Night 5, another lake. In the morning I notice I’m excited by the prospect of another lake at the end of this day, and I notice how relaxed I am setting up camp when I reach it. I’m not even phased when two youths briefly turn up on mopeds at dusk. At 05:50am, just before dawn, I awake to hear two or three men approaching with a torch, shouting loudly to one another. I’m immediately wide awake. It's Sunday, they don’t sound drunk and I reason they are probably going fishing. I’m almost tempted to ‘SHH’ them. They continue along the track, to be joined by others as it gets light. I notice how much less frightened I am than I would have been two months ago.

Night 6, and I’m typing this in some kind of forest reserve overlooking Mount Etna. I had to lift my bike through a gap beside the locked gate. So I’m probably trespassing. But, even when I came face to face with four men of various ages in official-looking uniforms with rifles and dogs, I noticed I was not particularly scared. I just said hello and tried to look purposeful.

Night 7, and I need to get as close to the city of Catania as possible because Jen is arriving in the morning. I may have learned to feel safe(ish) in the middle of nowhere, but the thought of stealthing near a city still terrifies me. To my amazement I find a swamp between the motorway and the airport where I’m completely confident mosquitoes and leeches are the only dangers, and - with earplugs in - have one of my best sleeps yet!
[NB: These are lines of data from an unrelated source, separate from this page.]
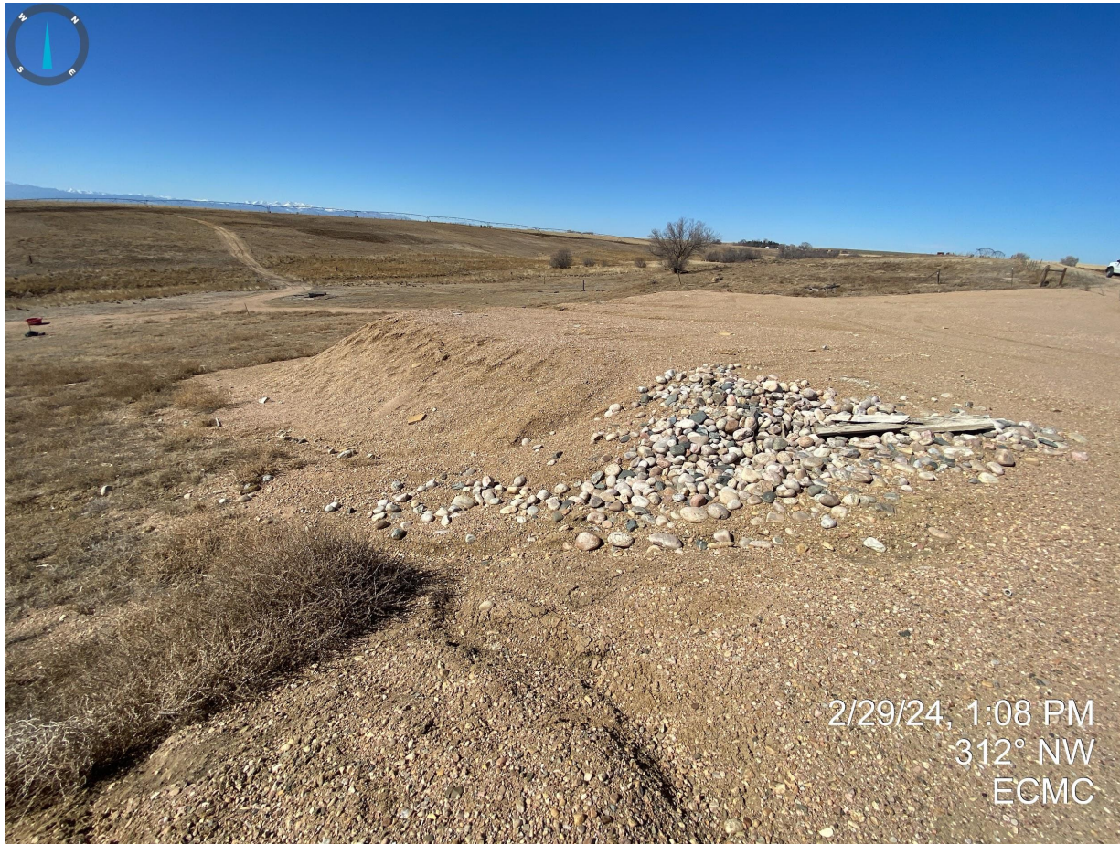
Photo 10. Erosion degradation occurring on the western portion of the location.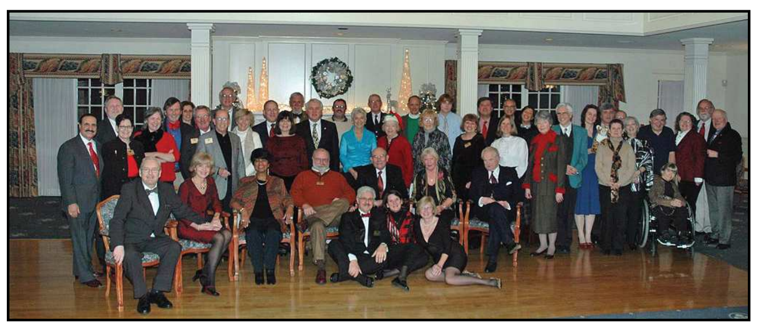
The entire gang at the JANE Holiday Party at Vesper Country Club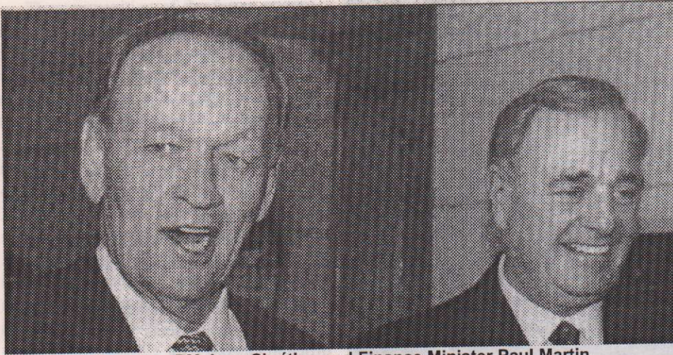
Canadian PM Jean Chrétien and Finance Minister Paul Martin

political community generally (the Meech Lake and Charlottetown Accords) failed to right the wrongs of the 1982 unilateral repatriation, the Quebec Tory MPs broke away to form the Bloc Québécois. Coupled with the rise of Reform in the West, this defection in Quebec led the federal Tories to their worst defeat ever — in the 1993 elections, which brought the current batch of Chrétien-Martin Liberals to power.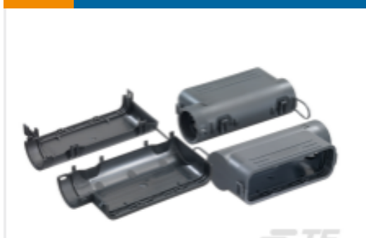
TE Part # 2500033-1 SRC Power Blind Cavity Plug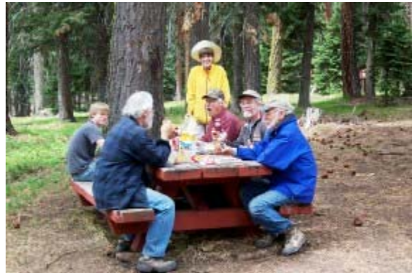
Group at Campground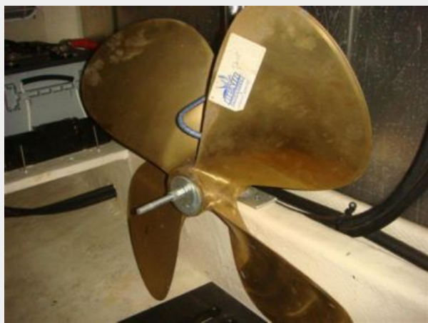
40' Mainship spare prop

So, as my November in Sardinia and Sicily draws towards its close and I start to contemplate December in southern Italy, the Peloponnese and Israel (!), what have I learned?

  1. As a kid I used to ‘go trespassing’ with my Dad. Stealthing evokes similar emotions: the thrill of beating the system, the joy of ‘hiding in plain sight’ in cool places, and the terror of being found.
  2. I’m scared of an angry confrontation with a land-owner. Spots like lakes and woods are vastly preferable over private land, but I definitely need to learn the Art of Asking (in several languages!) as a fall-back plan. A delightful Basque couple I met the other day inspired me with their tales of doing this.
  3. In spots where people might conceivably come after dark such as lakes and beaches I’m getting slowly better at relaxing, but it’s infinitely preferable to know I haven’t been and can’t be seen.
  4. I’m particularly scared of being targeted by a group of drunk baddies. I have some strategies for avoiding this happening, but none for if it does.
  5. Being totally alone ‘in the middle of nowhere’ (like tonight) still feels quite bizarre, but in such a situation I notice that I now feel the most relaxed of all. Just like Claire said.
  6. This may seem counter-intuitive, but by shutting out sounds that might make me paranoid, earplugs help me sleep.
  7. I mostly enjoy my evening and morning routines. I think the (back-lit) Kindle I’ve ordered will help me make more of the long winter evenings, though being physically comfortable in a tiny tent for 15 hours out of every 24 is an issue. In the mornings I could definitely get on the road more quickly, to give myself more hours of daylight. Often though, when it starts to get light is just when I really feel like sleeping!

Reading this series of posts, what do you notice? Does it sound to you like I’m making some progress with my fears? What else can I try?